Exercise data —
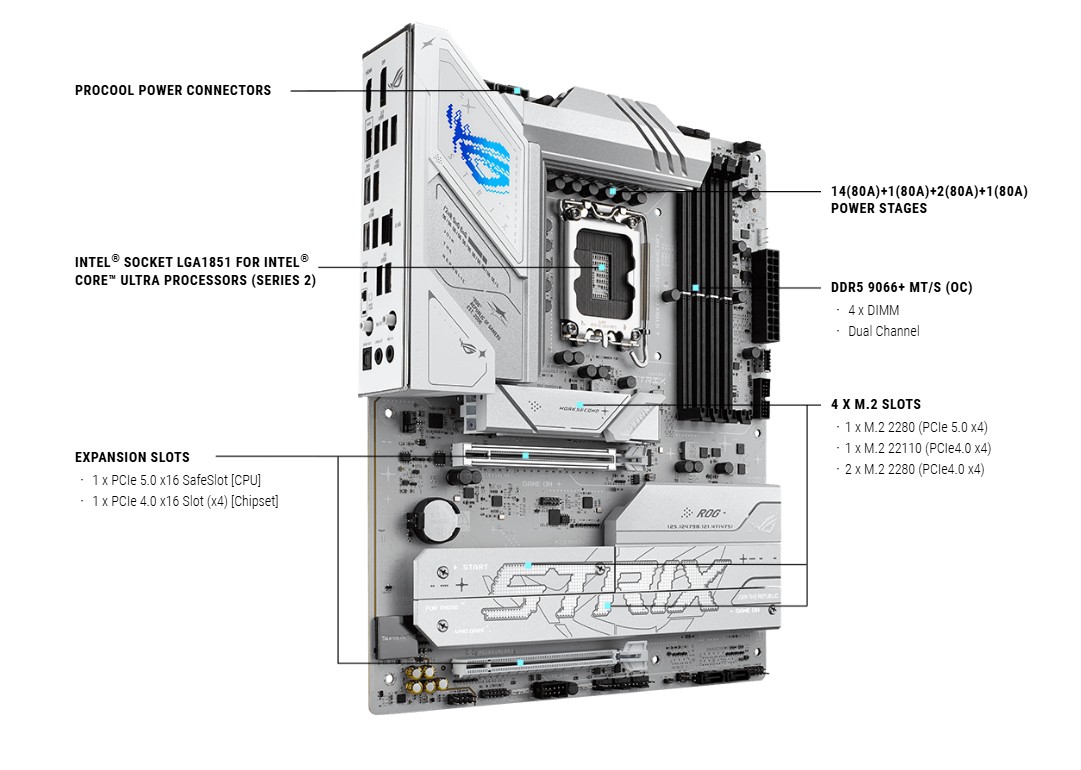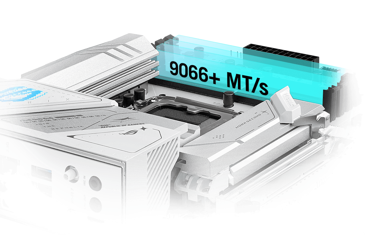 SpoleÄŤnost ROG má bohatou historii poskytovánà špiÄŤkovĂ©ho vĂ˝konu pamÄ›tĂ a DDR5 nenĂ vĂ˝jimkou. VylepšenĂ© smÄ›rovánĂ signálu mĹŻĹľe u modelu Strix B860-A posunout sady pro nadšence daleko za hranici 9 GT/s, pĹ™iÄŤemĹľ na obzoru jsou ještÄ› vyššà rychlosti. ZkušenĂ˝m uĹľivatelĹŻm nabĂzĂ UEFI širokou škálu moĹľnostĂ, jak vyladit a posunout vĂ˝kon aĹľ na hranice moĹľnostĂ.
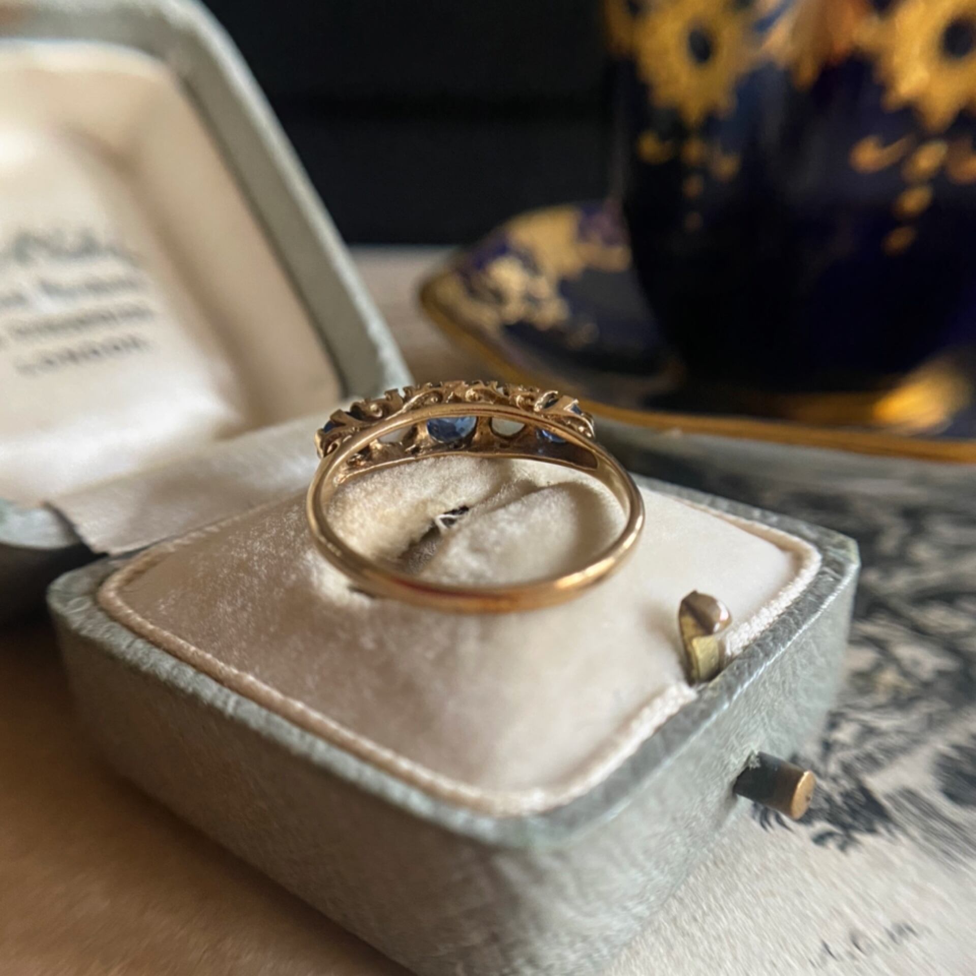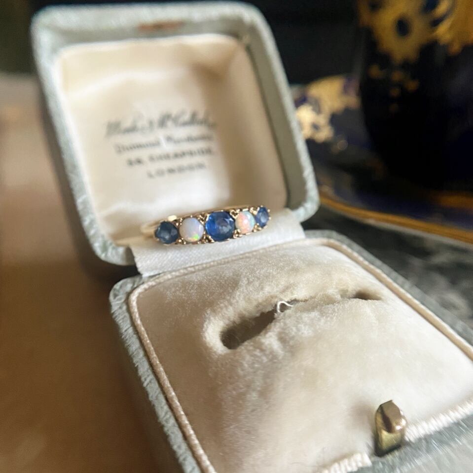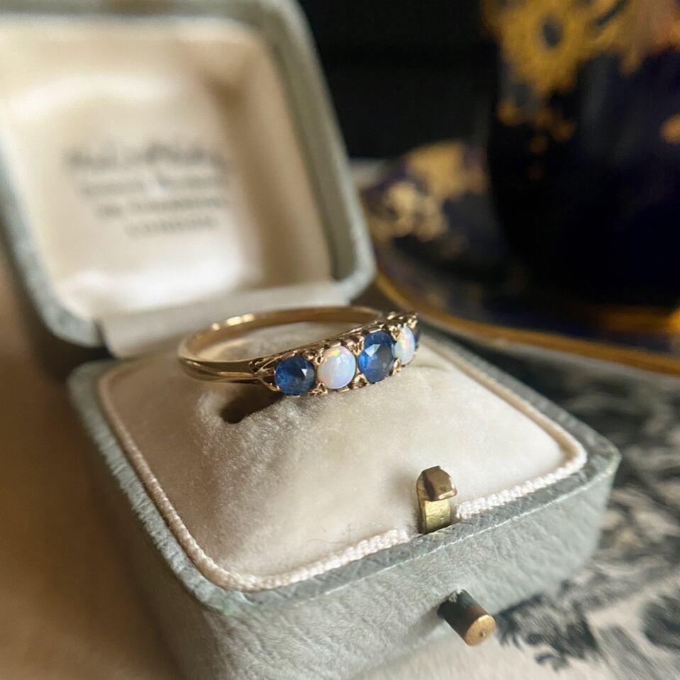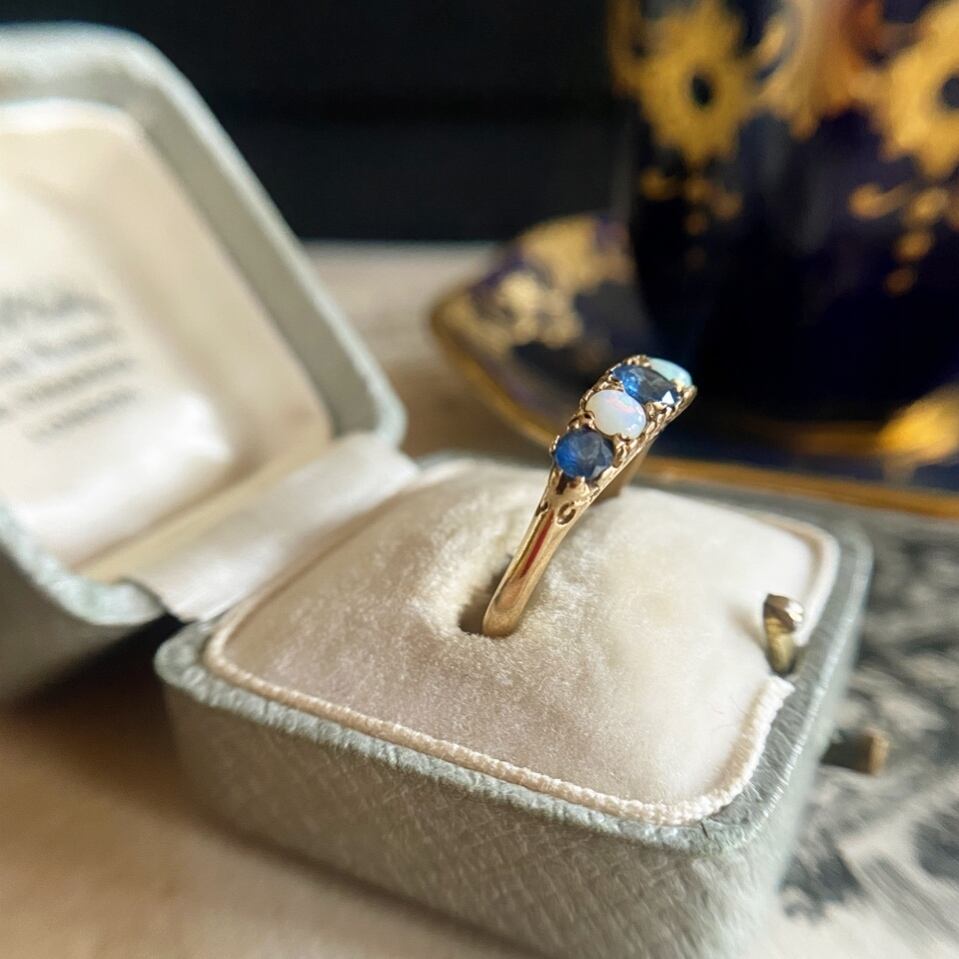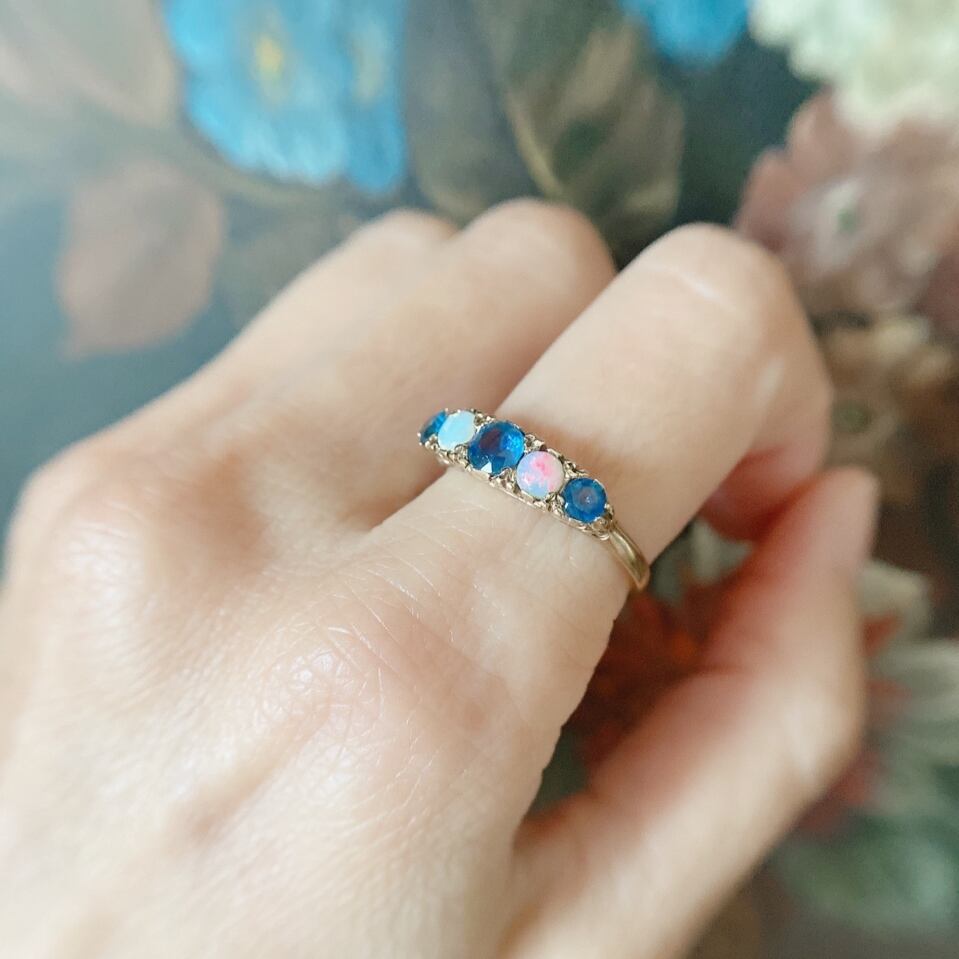 3石の爽やかな発色のブルーサファイアと2石のオパールの相乗効果で、リングにより華やかさを与え、瑞々しい輝きのサファイアと妖艶な輝きのオパールが、ゴールドのシャンクに引き立てられ、それぞれの輝きが引きしまりながら調和を保っている姿には落ち着きさえも感じる、大人な仕上がりのアンティークらしい美しいひと品です。なかなか見かけない組み合わせなのも嬉しいですね。
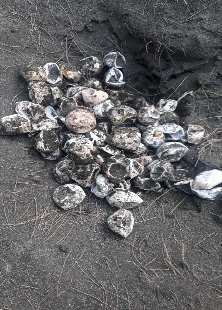 The most surprising aspect of my study site has been finding turtle tracks with eggs nowhere to be found. This implies that the eggs were collected by humans, either for consumption or trade. The inhabitants of the study location are mainly fishermen and locals. Sea turtles are fully protected under Indonesian law; however, for such a law to be functional, there is a need for community-based conservation agenda where everyone can get involved in decision-making processes. For instance, during one of the sampling periods, an olive ridley nested eggs was first found by some fishermen. They were honest enough to tell me that 86 eggs were laid by the turtle, but they only returned 65 at the Conservation Area at Sodong Beach.
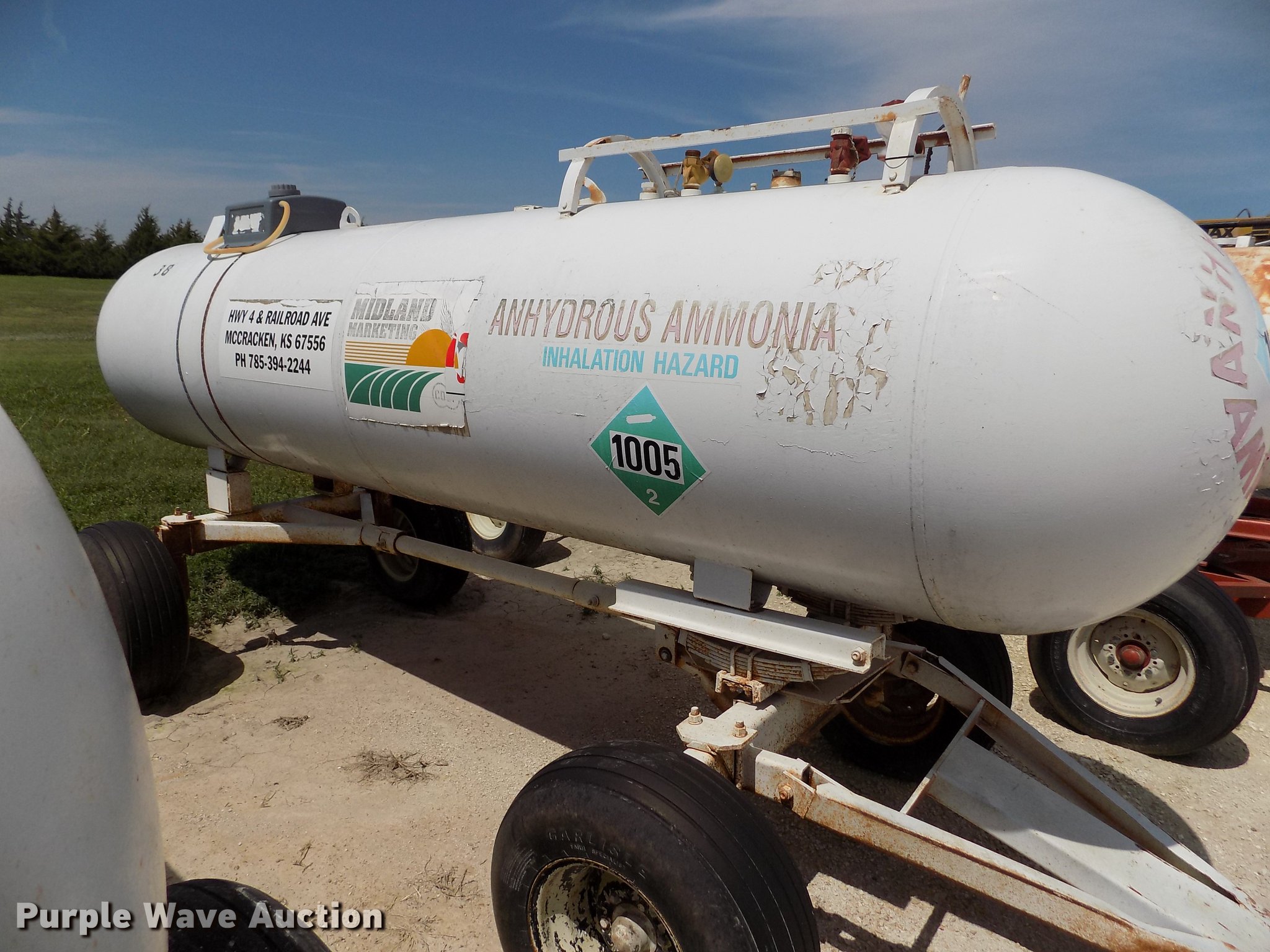 Anhydrous ammonia tank. 1,000 gallon capacity, Clevis hitch, Rear hitch, 11L-15 tires. Midland Marketing. 1505 Oak St. La Crosse, KS 67548

Task brief — With the pictures left out, restate word for word every line of the data above, from the first down to the line that contains "3石の爽やかな発色のブルーサ".

Response below —
 SpoleÄŤnost ROG má bohatou historii poskytovánà špiÄŤkovĂ©ho vĂ˝konu pamÄ›tĂ a DDR5 nenĂ vĂ˝jimkou. VylepšenĂ© smÄ›rovánĂ signálu mĹŻĹľe u modelu Strix B860-A posunout sady pro nadšence daleko za hranici 9 GT/s, pĹ™iÄŤemĹľ na obzoru jsou ještÄ› vyššà rychlosti. ZkušenĂ˝m uĹľivatelĹŻm nabĂzĂ UEFI širokou škálu moĹľnostĂ, jak vyladit a posunout vĂ˝kon aĹľ na hranice moĹľnostĂ.
 3石の爽やかな発色のブルーサファイアと2石のオパールの相乗効果で、リングにより華やかさを与え、瑞々しい輝きのサファイアと妖艶な輝きのオパールが、ゴールドのシャンクに引き立てられ、それぞれの輝きが引きしまりながら調和を保っている姿には落ち着きさえも感じる、大人な仕上がりのアンティークらしい美しいひと品です。なかなか見かけない組み合わせなのも嬉しいですね。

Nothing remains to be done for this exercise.